Mammalian sperm flagella and cilia

Abstract

In mammals, both sperm flagella and cilia are axoneme-containing organelles. The sperm flagella are major parts of the spermatozoa that are male gametes produced in the testis from progenitor spermatogonia through a process called spermatogenesis. During last stage of spermatogenesis, also called spermiogenesis, an axoneme grows out from one of the two centrioles to form the flagellum. With the growth of the axoneme, accessory components including mitochondria, outer dense fibers, fibrous sheath and annulus are added to the flagellum to form its middle, principal and end pieces. The sperm flagellum is responsible for the sperm motility, and defects in it often cause male infertility.
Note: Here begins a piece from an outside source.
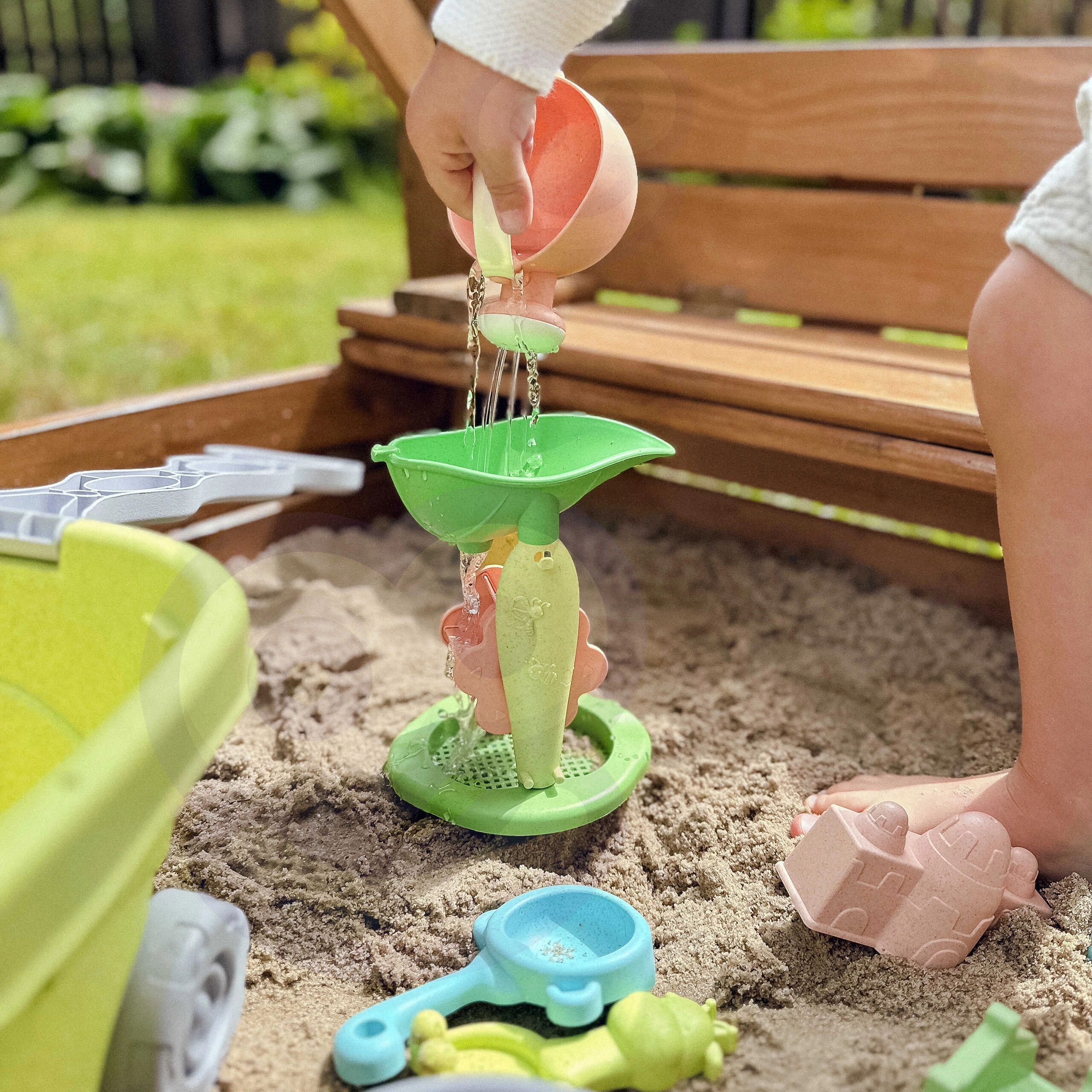Giet zand of water in de trechter en kijk hoe de wieletjes gaan draaien. Het geïntegreerde zeefje helpt zand te reinigen en voegt een speels experimenteer-element toe.

Unlike sperm flagella, cilia contain only axonemes covered with the plasma membrane. Generally two types of cilia exist in mammals: multiple motile cilia and single primary cilia. All cilia extend from basal bodies that are derived from centrioles. Cilia play important physiological roles in the body. Defects in them cause a large number of genetic diseases, such as polycystic kidney disease, retinal degeneration, hydrocephalus, laterality defects, chronic respiratory problems, and even obesity and diabetes.

In this thesis, I characterized two proteins related to mammalian sperm flagellum development and ciliogenesis: DNAJB13 and SMC1. Dnajb13 is a type II Hsp40 gene once reported to be highly expressed in testis. By multi-tissue RT-PCR, I found that it was also expressed in several ciliated tissues. In mouse testis, Dnajb13 mRNA was detectable at postnatal week 1 while DNAJB13 was undetectable until postnatal week 4, indicating a translational control for this gene. Although being an Hsp40, DNAJB13 was not heat-inducible. In the cross-sections of seminiferous epithelium, DNAJB13 was first detectable in step2-3 spermatids, peaked at step9-10 and then gradually decreased afterwards. In a mature spermatozoon, DNAJB13 was present in the flagellum throughout the length. Its presence in normal sperm flagellum but not in SDS-resistant sperm tail indicates that it is axoneme-associated, which is further confirmed by its presence in motile cilia of airway and oviduct epithelia. By immunoelectron microscopy DNAJB13 was defined as a radial spoke protein.

DNAJB13 is also associated with the annulus spatiotemporally during mouse sperm flagellum development. This association started from the formation of annulus. The annular DNAJB13 increased with the maturation of annulus, and peaked when the annulus reaches the midpieceprincipal piece junction of the flagellum, and then gradually disappeared during late spermiogenesis. In annulus-deficient spermatids, DNAJB13 still formed an annulus-like ring in the neck region. In vitro DNAJB13 was colocalized and interacted with an annulus constituent SEPT4. All the data suggest that DNAJB13 may be involved in the assembly and positioning of the annulus during mouse sperm flagellum development.

Cohesin protein SMC1 is well known for its roles in sister chromatid cohesion and DNA repair. It was also reported to be present in primary cilia. By immunofluorescence, I found that SMC1 also localized to centrosomes throughout the cell cycle in a microtubule-independent manner. In addition, SMC1 was associated with both centrioles of a centrosome. Biochemically, SMC1 was cofractionated with the centrosomal marker gamma-tubulin in centrosomal preparation. In vivo SMC1 localized to the basal bodies of motile cilia. These data suggest that SMC1 is also a centrosome/basal body protein and may play a role in ciliogenesis.